→ **Aim of the task**
Restate, word for word and with no pictures, the stretch of lines in the data below that begins at the line with "さて、この鰤を節におろしたあ" and ends at the line with "2.在编辑文章或是产品页面的时候,输入关键词挖掘相关词。", inclusive.

→ **Data**
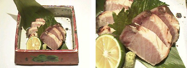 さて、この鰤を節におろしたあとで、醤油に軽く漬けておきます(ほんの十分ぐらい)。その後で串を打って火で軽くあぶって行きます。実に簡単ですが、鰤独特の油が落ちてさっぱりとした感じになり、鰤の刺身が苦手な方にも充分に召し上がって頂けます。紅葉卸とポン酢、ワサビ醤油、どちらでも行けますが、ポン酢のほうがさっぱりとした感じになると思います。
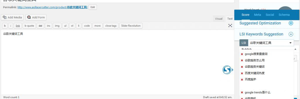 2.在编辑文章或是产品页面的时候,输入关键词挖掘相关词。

* * *

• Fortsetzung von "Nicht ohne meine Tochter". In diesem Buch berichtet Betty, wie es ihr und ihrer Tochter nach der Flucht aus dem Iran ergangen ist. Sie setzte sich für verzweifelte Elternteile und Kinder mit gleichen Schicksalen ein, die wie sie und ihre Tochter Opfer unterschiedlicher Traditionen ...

...

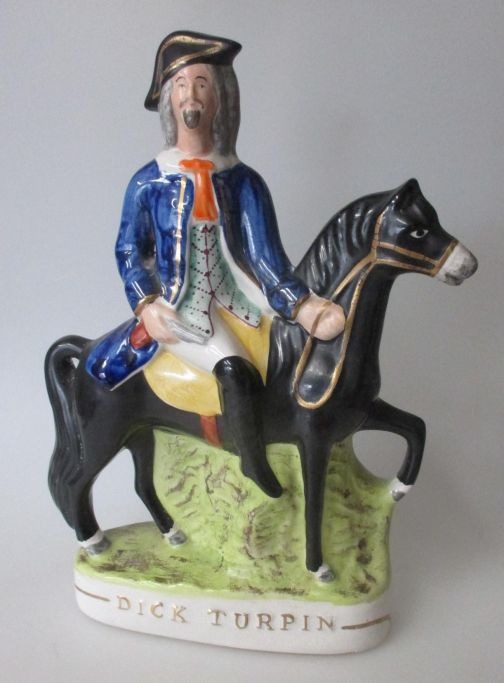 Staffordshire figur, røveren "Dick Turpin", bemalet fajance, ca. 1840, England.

→ **Problem solution**
 さて、この鰤を節におろしたあとで、醤油に軽く漬けておきます(ほんの十分ぐらい)。その後で串を打って火で軽くあぶって行きます。実に簡単ですが、鰤独特の油が落ちてさっぱりとした感じになり、鰤の刺身が苦手な方にも充分に召し上がって頂けます。紅葉卸とポン酢、ワサビ醤油、どちらでも行けますが、ポン酢のほうがさっぱりとした感じになると思います。
 2.在编辑文章或是产品页面的时候,输入关键词挖掘相关词。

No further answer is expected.